That’s according to Pathfinder’s John Berry, who says advisers have had trouble finalising their relationship with fund managers for the purposes of AML legislation, particularly where wrap platforms are involved.
He says the ideal situation would have been for the FMA to recognise financial advisers as the “owners” of their clients and to have them as the one reporting entity for that client. But both the fund manager and financial adviser will have to take responsibility under the new rules, which came into effect this week.
Berry said fund managers could not get rid of their liability for clients by dealing with a financial adviser. If there is a problem, they will be equally responsible.
Pathfinder is in the process of signing advisers up to agency agreements. For advisers who invest via a wrap, it will have to sign an AML agreement with the wrap platform and the adviser. Agent advisers will then be monitored periodically to ensure that their AML processes meet the standards.

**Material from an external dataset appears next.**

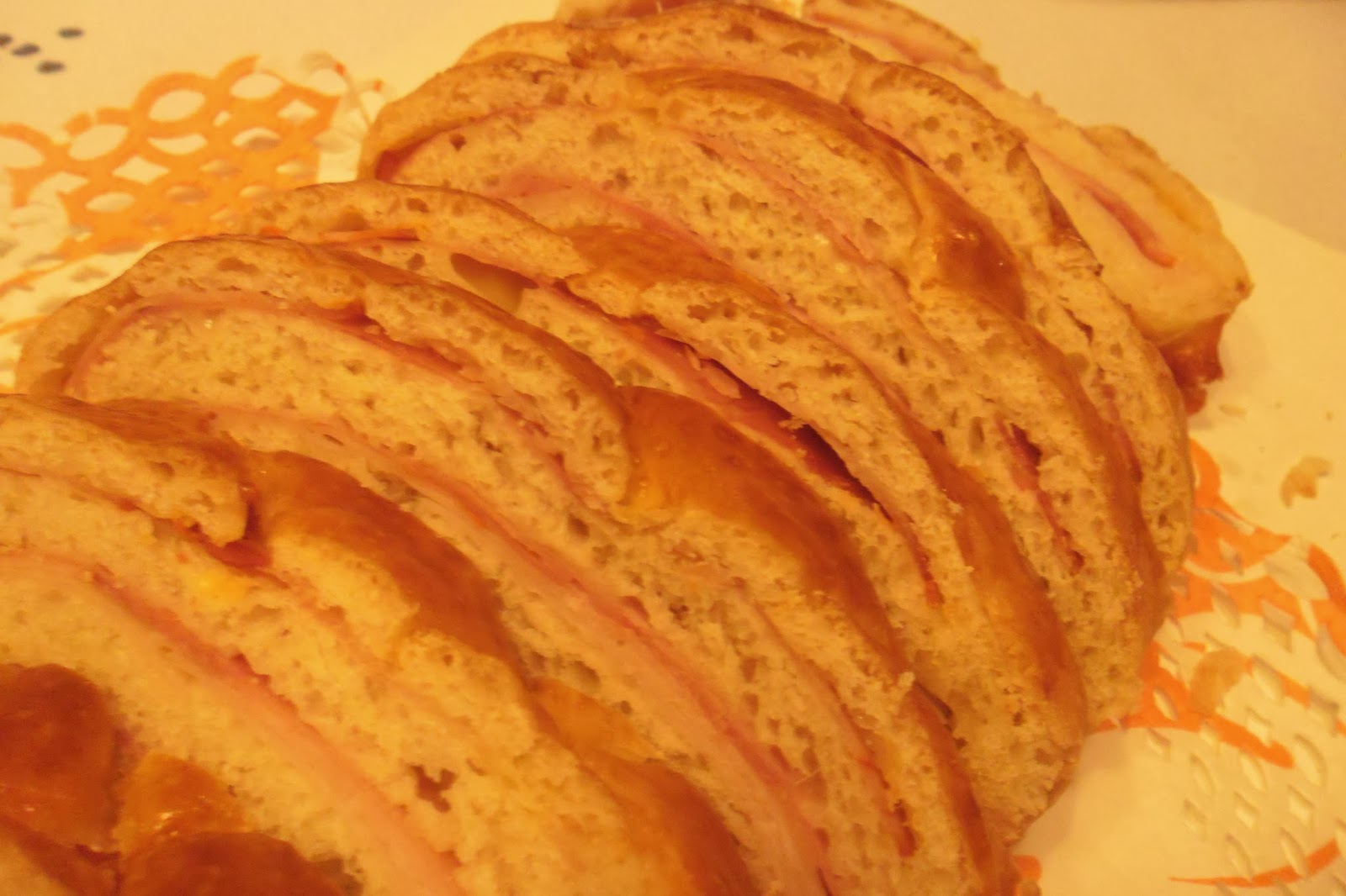 4. Numa superfície polvilhada com farinha e com a ajuda de um rolo estenda a massa de modo a que forme um retângulo,  coloque os ingredientes escolhidos no meio e dobre uma das pontas da massa para o centro a cobrir os ingredientes repita o processo colocando os ingredientes e volte a fechar com a restante massa, dobre as pontas, pincele com uma gema  e leve ao forno pré-aquecido a 220ºC cerca de 20 minutos.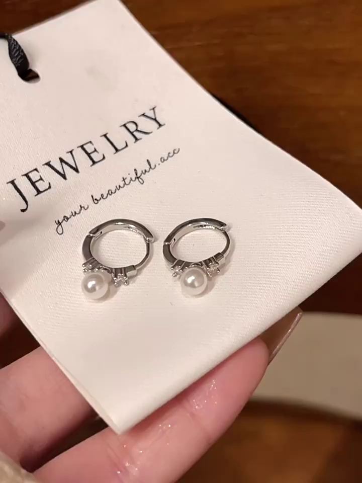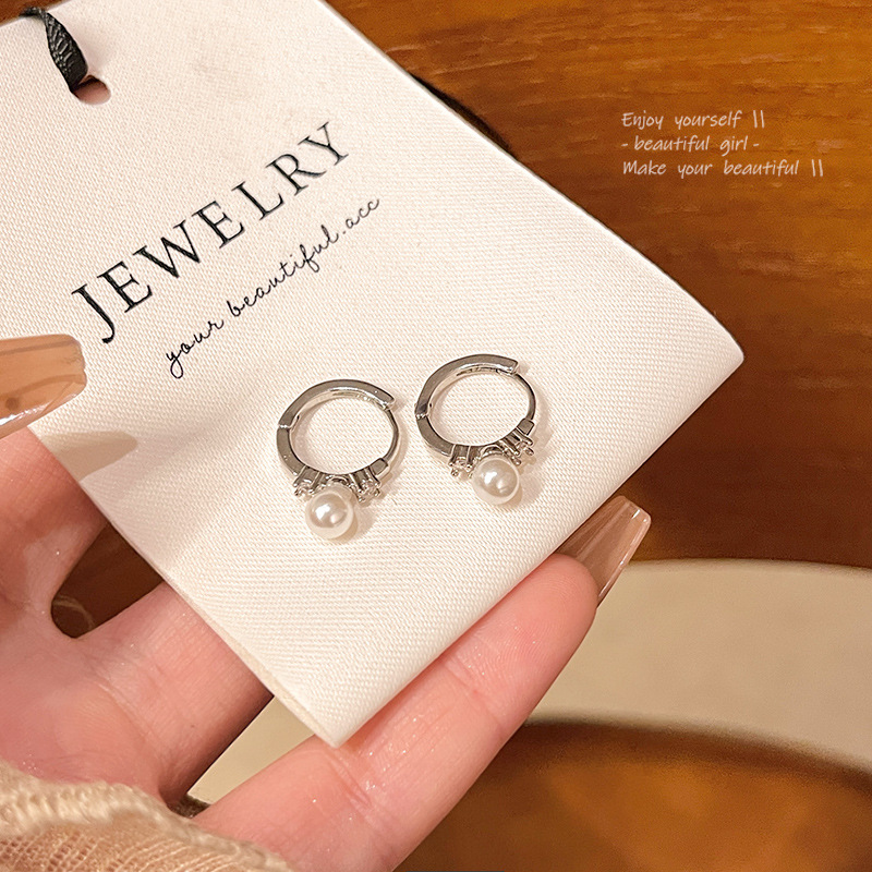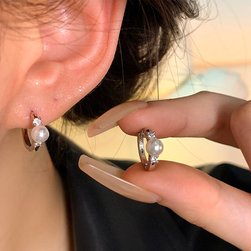 ins潮百搭简约港风耳环轻奢小众高级设计感锆石珍珠耳扣耳钉女

Berry said: “Under this agreement, the fund manager appoints the financial adviser as an agent to conduct customer due diligence. The financial adviser will then not be required to send verified ID documents for each client, unless specifically requested… we don’t see value in replicating what the adviser has done.”
He said the agency agreement allowed the fund manager to request verification documents if an unusual transaction required a closer look. "For example, an investment followed by a quick redemption."
He said some fund managers might still want to see documentation for each client but Pathfinder was confident about the processes of the advisers it worked with.
Pathfinder had teamed up with other NZ boutique fund managers to develop an AML process with AML Solutions Ltd, Berry said. “If advisers have not done so already, we would encourage them to follow the same process of grouping together with other adviser businesses … and so sharing the cost and time needed to finalise these policies.”